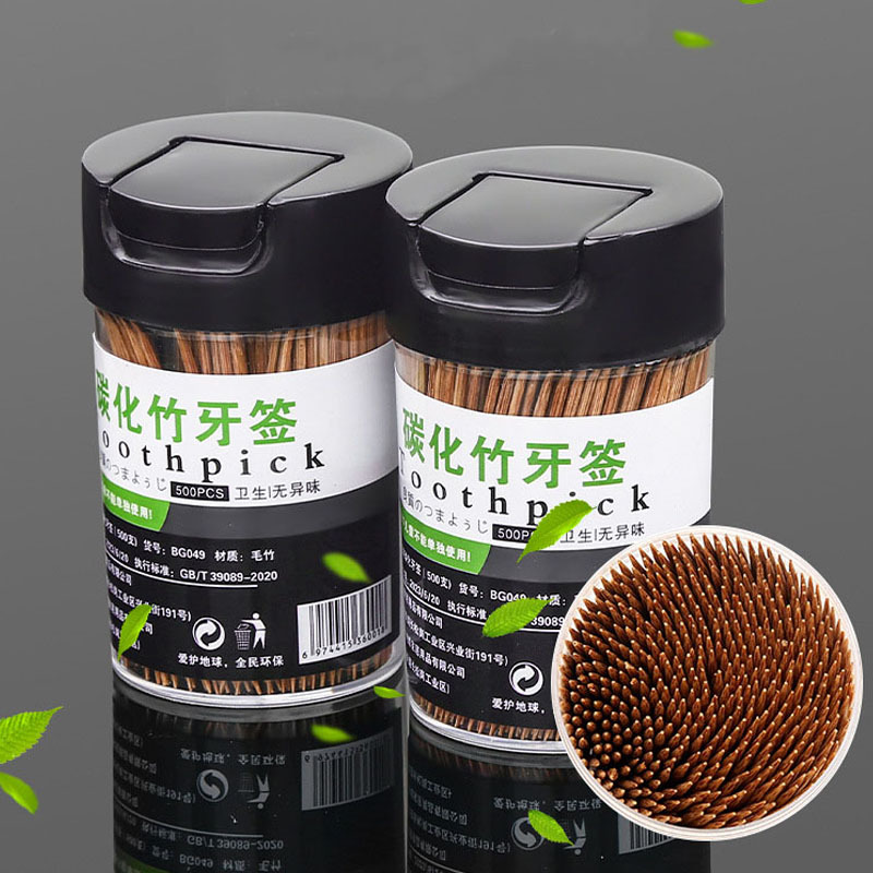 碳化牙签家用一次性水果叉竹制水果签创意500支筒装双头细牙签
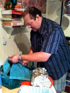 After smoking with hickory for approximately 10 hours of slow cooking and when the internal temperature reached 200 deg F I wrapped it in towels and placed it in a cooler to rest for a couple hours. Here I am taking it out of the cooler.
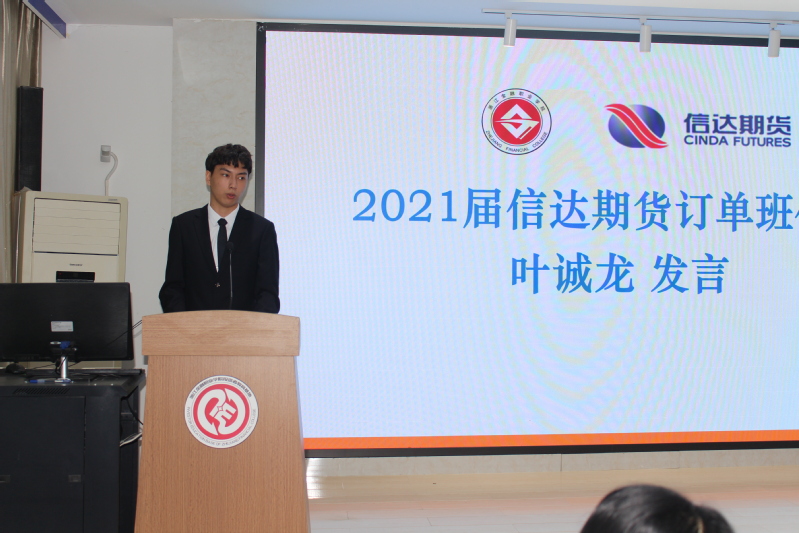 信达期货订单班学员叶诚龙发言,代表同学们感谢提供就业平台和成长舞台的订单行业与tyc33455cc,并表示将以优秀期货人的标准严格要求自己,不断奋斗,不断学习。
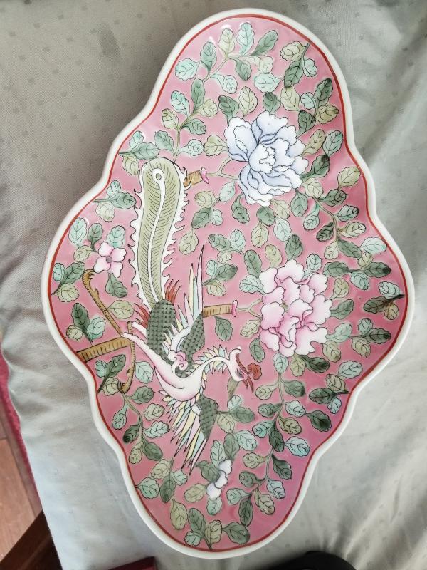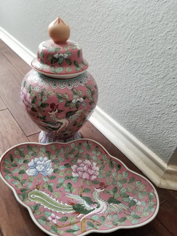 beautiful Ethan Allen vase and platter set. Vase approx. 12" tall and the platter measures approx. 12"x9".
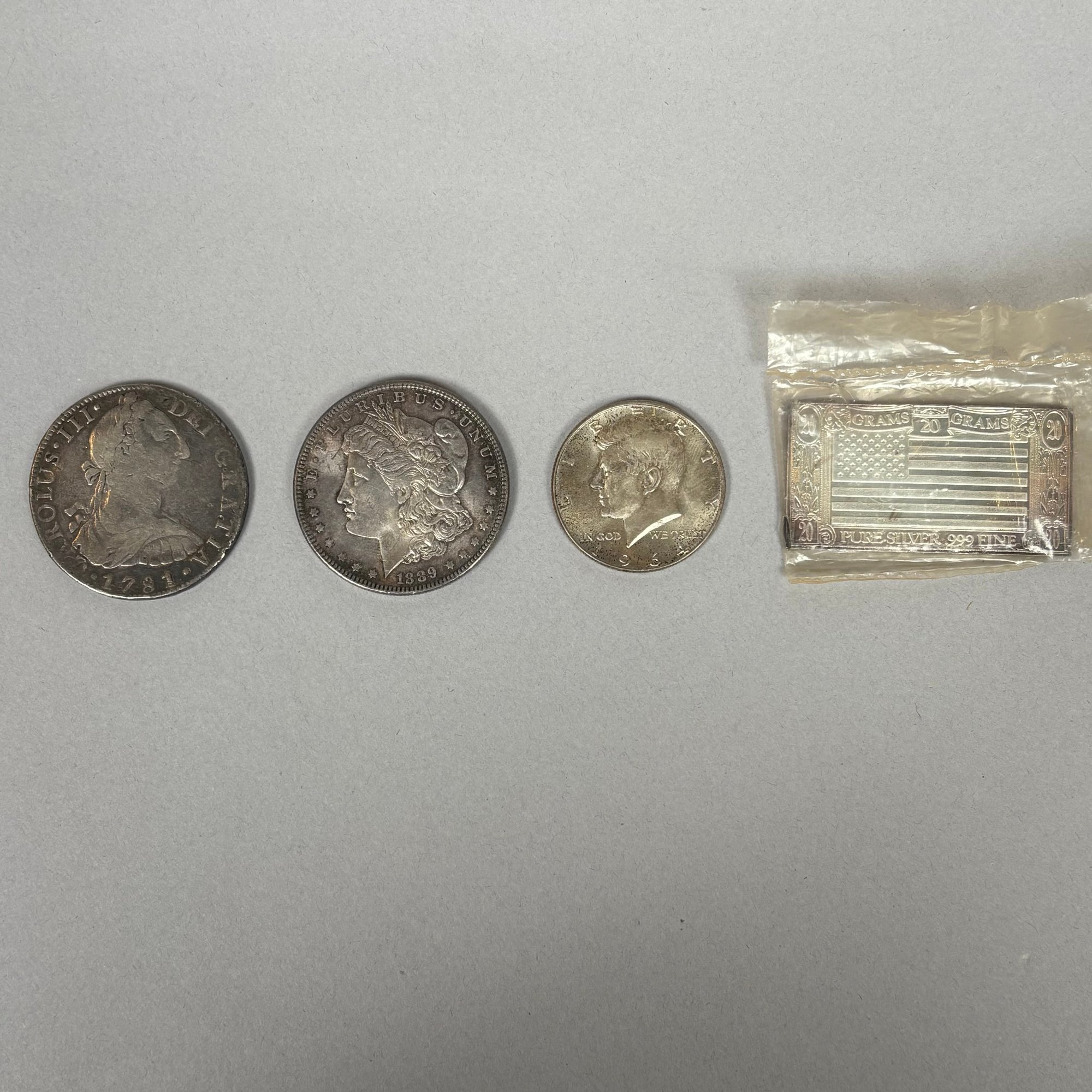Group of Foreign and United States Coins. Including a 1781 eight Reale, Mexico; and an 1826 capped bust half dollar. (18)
──────────
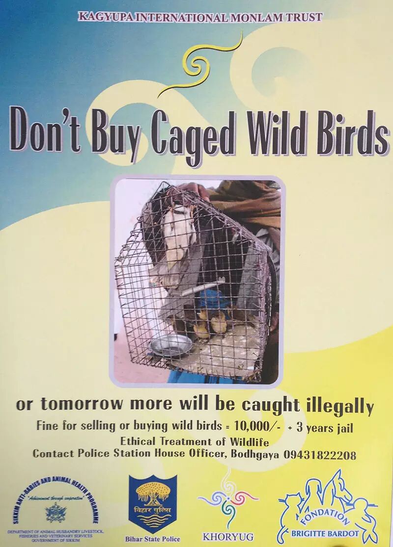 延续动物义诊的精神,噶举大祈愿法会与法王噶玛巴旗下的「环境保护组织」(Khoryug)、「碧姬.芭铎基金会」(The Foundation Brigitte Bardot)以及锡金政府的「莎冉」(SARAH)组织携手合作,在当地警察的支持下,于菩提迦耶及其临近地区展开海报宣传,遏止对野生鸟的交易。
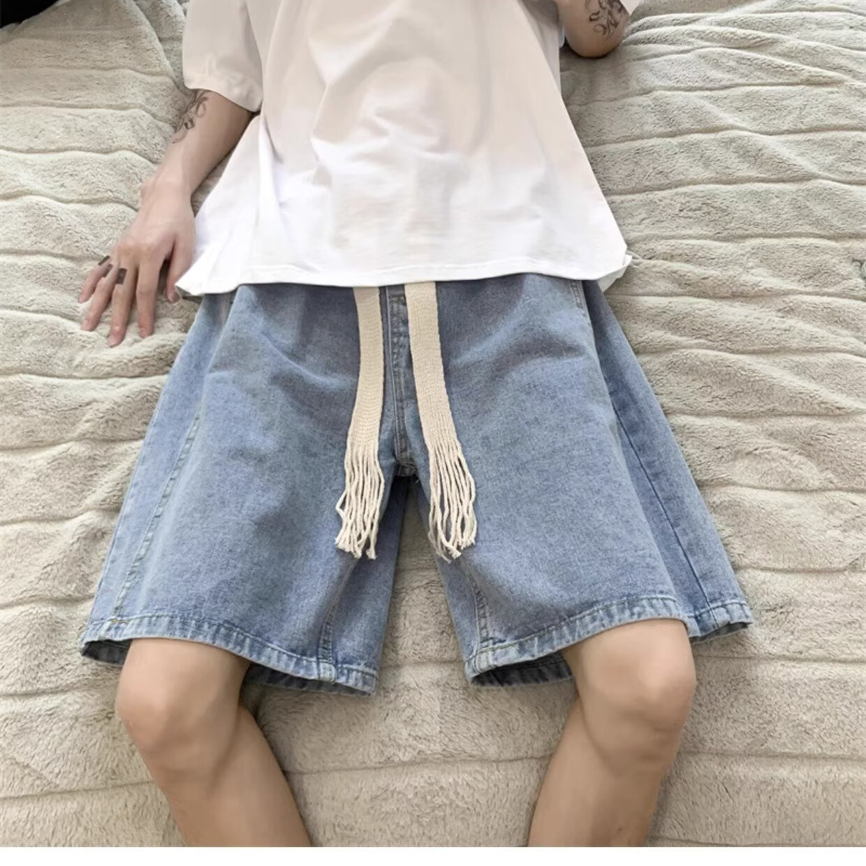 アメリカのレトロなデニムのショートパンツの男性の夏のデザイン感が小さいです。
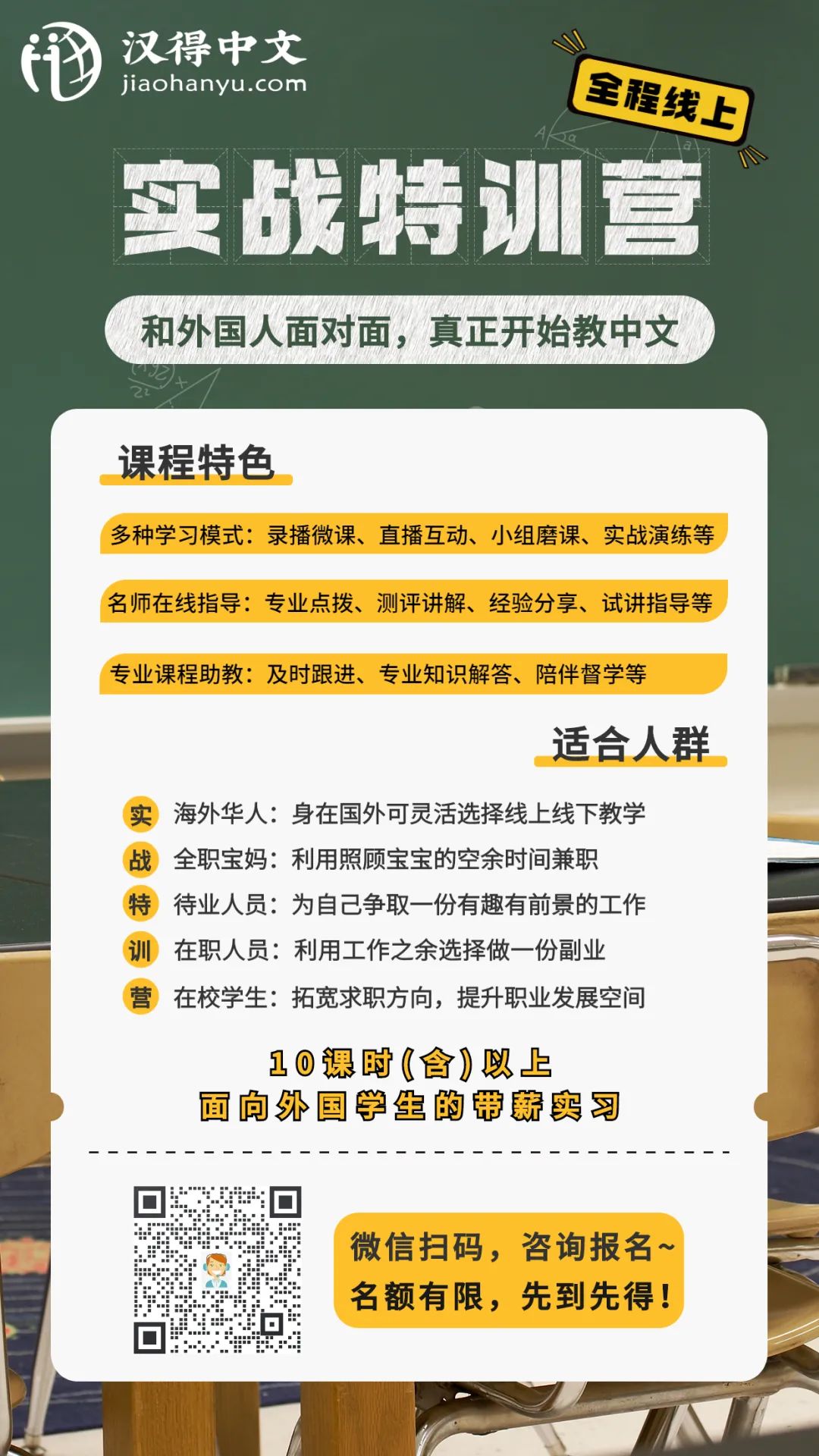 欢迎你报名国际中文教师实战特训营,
──────────
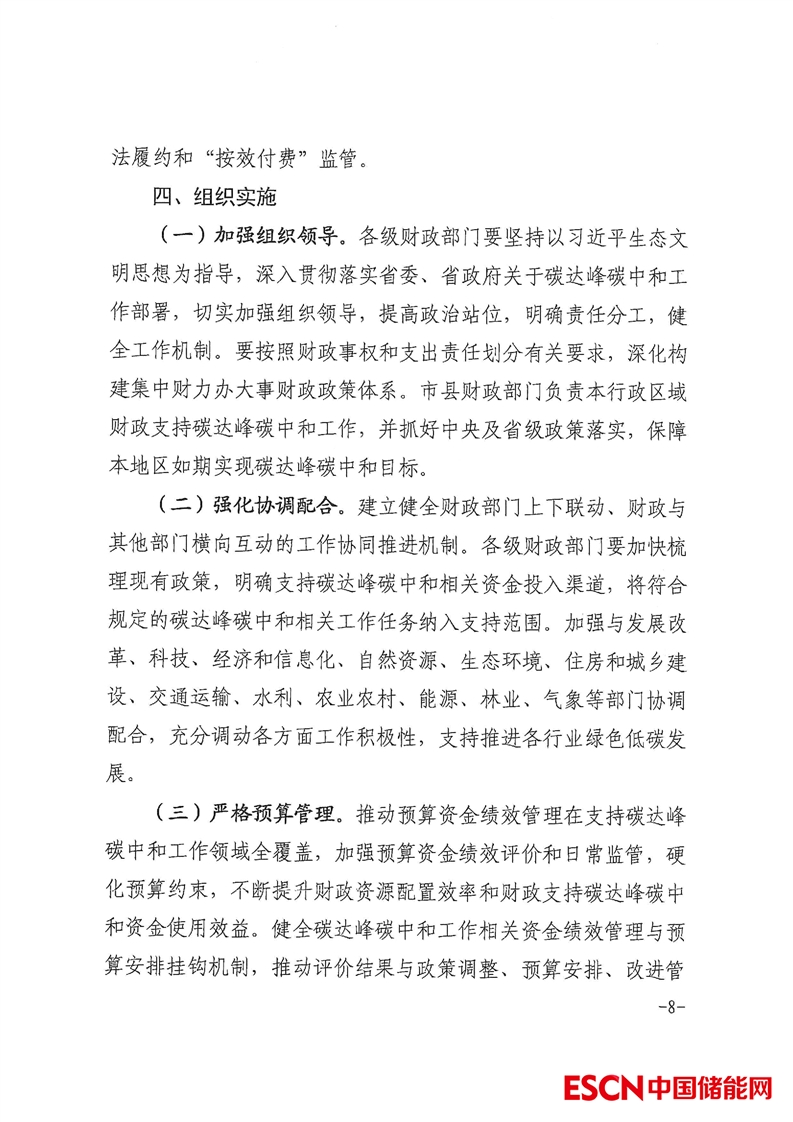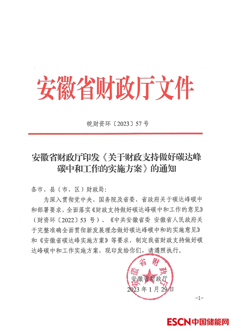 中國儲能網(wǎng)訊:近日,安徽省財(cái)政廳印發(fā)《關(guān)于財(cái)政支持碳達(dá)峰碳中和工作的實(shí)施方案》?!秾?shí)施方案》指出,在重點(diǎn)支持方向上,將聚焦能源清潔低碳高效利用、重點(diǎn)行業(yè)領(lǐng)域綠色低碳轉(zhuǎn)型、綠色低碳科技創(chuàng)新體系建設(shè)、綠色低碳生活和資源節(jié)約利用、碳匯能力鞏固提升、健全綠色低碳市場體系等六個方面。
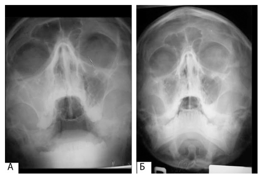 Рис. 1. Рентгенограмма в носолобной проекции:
──────────
Without the pictures, give again exactly the lines above starting at the line containing "碳化牙签家用一次性水果叉竹制水果签创意500支筒装双头细牙签" and ending at the line containing "Group of Foreign".

 碳化牙签家用一次性水果叉竹制水果签创意500支筒装双头细牙签
 After smoking with hickory for approximately 10 hours of slow cooking and when the internal temperature reached 200 deg F I wrapped it in towels and placed it in a cooler to rest for a couple hours. Here I am taking it out of the cooler.
 信达期货订单班学员叶诚龙发言,代表同学们感谢提供就业平台和成长舞台的订单行业与tyc33455cc,并表示将以优秀期货人的标准严格要求自己,不断奋斗,不断学习。
 beautiful Ethan Allen vase and platter set. Vase approx. 12" tall and the platter measures approx. 12"x9".
Group of Foreign and United States Coins. Including a 1781 eight Reale, Mexico; and an 1826 capped bust half dollar. (18)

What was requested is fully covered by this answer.